Pemberton nodded as his eyes seemed to gain some measure of focus. “They…the SDF Admirals…they had my granddaughters,” he replied as his face twisted in shameful remorse. “They…they were going to destroy them…do you understand? They were going to hurt them, and only if they w
ere lucky would they be allowed to die afterward!” Once again he began to sob, but Jericho had no time for the other man’s protestation.
The man’s dereliction of duty was at least explainable now, if not still wholly inexcusable. “You accepted the credit transfer to your off-world account so that you would take the fall—better you be Adjusted than your grandchildren be…harmed,” Jericho concluded, and the other man nodded rapidly.
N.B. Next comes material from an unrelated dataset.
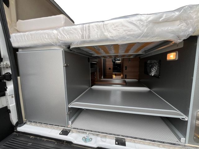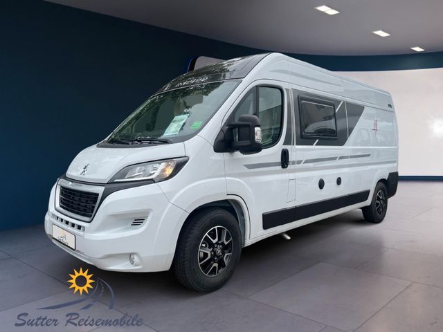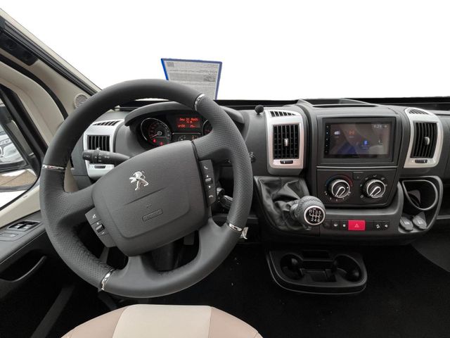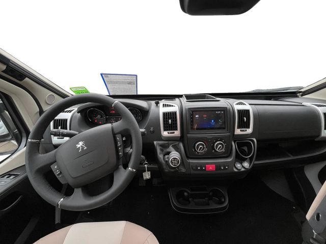 Schlafzimmer, Feststehendes Bett mit Aluminiumrahmen, mehrschichtigen aktiven Holzlatten und hochbelastbarer BULTEX®-Schaumstoff-Matratze, Matratzenbezug beim feststehenden Bett aus hochwertigem Stretch-Gewebe, Lautsprecher im Schlafzimmer, Staufach über der Hecktür, Fahrzeugausstattung, Trägerfahrzeug PEUGEOT BOXER 2,2 L BlueHDI 140 PS, 4 zugelassene Sitzplätze, ABS, Traction+ mit Hill Descent Control (hilft, beim Bergabfahren, die gewünschte Geschwindigkeit beizubehalten), Fahrer- und Beifahrerairbags, Heizbare elektrische Außenspiegel, Zentralverriegelung der Fahrerhaus- und Seitentüren mit Fernbedienung, Tempomat, Stop & Start, Fahrerhausausstattung, Unabhängiges Autoradio, Teppichboden im Fahrerhaus, TOUCH Lese-Spot im Fahrerhaus, Lenkrad und Schalthebelgriff in Leder, Stickerei auf den Kopfstützen der Fahrerhaussitze

But Jericho shook his head adamantly as he stood and made as if to leave, “I can’t Adjust you.”
“No, please!” Pemberton blurted as an alarm went up outside. “You have to kill me now—it’s the only way my little girls will be spared!”
“I’m sorry,” Jericho said with a shake of his head. “You failed nearly four thousand people by tacitly approving President Blanco’s illegal order—you don’t deserve my sympathy.”
“You’re right,” Pemberton stammered quickly, “but I have information!”
Jericho stopped at the doorway, knowing he had only seconds to secure whatever information Pemberton was offering—information which would provide an unexpected bonus, since it likely had to do with President Blanco. “Speak,” he snapped angrily as searchlights began to stream through the windows.
“Your word first,” Pemberton retorted with a measure of resolve more befitting a thirty year veteran of the armed forces. “Promise you’ll file my Adjustment as properly done…and I’ll give you enough information to put that tyrant behind bars for good.”
“Not good enough,” Jericho quipped. Then the searchlights unexpectedly went dark and Jericho felt his hackles rise.
“They’re clearing out, which means you have forty seconds before the area is pulverized by the attack drones lifting off from Fort Sumter this very second,” the General said heavily. “You can’t escape without my help. Even if you get past the perimeter guards, the drones will cut you down in seconds.”